KANSAS CITY, Mo. — The company that will likely be chosen to manage food and concessions at Kansas City International Airport’s new terminal said its plan will no longer include Chick-fil-A.
Public protests lead to the fast food restaurant being ousted from the leading vendor’s proposal.
Representatives of the Vantage Airport Group presented their plan to the Kansas City Council’s Transportation, Infrastructure and Operations Committee on Wednesday morning.

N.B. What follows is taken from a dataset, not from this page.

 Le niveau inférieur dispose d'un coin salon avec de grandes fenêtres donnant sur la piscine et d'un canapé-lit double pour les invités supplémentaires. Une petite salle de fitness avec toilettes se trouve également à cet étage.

The plan included details about contracts, workers being paid $15 an hour, and who is in charge of managing select restaurants.

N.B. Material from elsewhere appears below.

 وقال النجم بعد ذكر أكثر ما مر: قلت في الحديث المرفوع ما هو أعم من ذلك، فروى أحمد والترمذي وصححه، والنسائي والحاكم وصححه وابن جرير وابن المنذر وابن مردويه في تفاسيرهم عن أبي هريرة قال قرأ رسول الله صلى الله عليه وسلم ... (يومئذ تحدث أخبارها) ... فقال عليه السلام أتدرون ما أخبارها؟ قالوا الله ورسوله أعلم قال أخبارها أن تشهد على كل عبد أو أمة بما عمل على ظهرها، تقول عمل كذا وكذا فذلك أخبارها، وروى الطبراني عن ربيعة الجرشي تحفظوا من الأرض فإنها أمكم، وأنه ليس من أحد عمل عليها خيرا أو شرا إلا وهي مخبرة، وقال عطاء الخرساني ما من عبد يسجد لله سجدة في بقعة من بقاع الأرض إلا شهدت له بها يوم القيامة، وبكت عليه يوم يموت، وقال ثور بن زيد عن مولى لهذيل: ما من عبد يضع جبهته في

The aviation department selected Vantage as its choice to run food and beverage operations at the terminal. Vantage told the city that it’s committed to having all restaurants and concession areas open on the first day the terminal is in business.

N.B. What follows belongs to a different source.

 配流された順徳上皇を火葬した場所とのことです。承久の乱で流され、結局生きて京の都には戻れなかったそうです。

Vantage also said one of the reasons its proposal is the strongest — and the right one for Kansas City — is because of the flexibility it offers.
“We heard and respect the strong community reaction to the proposed Chick-fil-A, and after collaborating with the Aviation Department, we made the decision to remove Chick-fil-A from the program. We will work hard to find and identify suitable options for its replacement,” said Rob Van Snik, Senior Director of Commercial Development for Vantage.
The city’s LGBTQ Commission spearheaded the effort. Members sent a letter to city officials and city council members, asking the city to remove a Chick-fil-A location from the new KCI terminal plans.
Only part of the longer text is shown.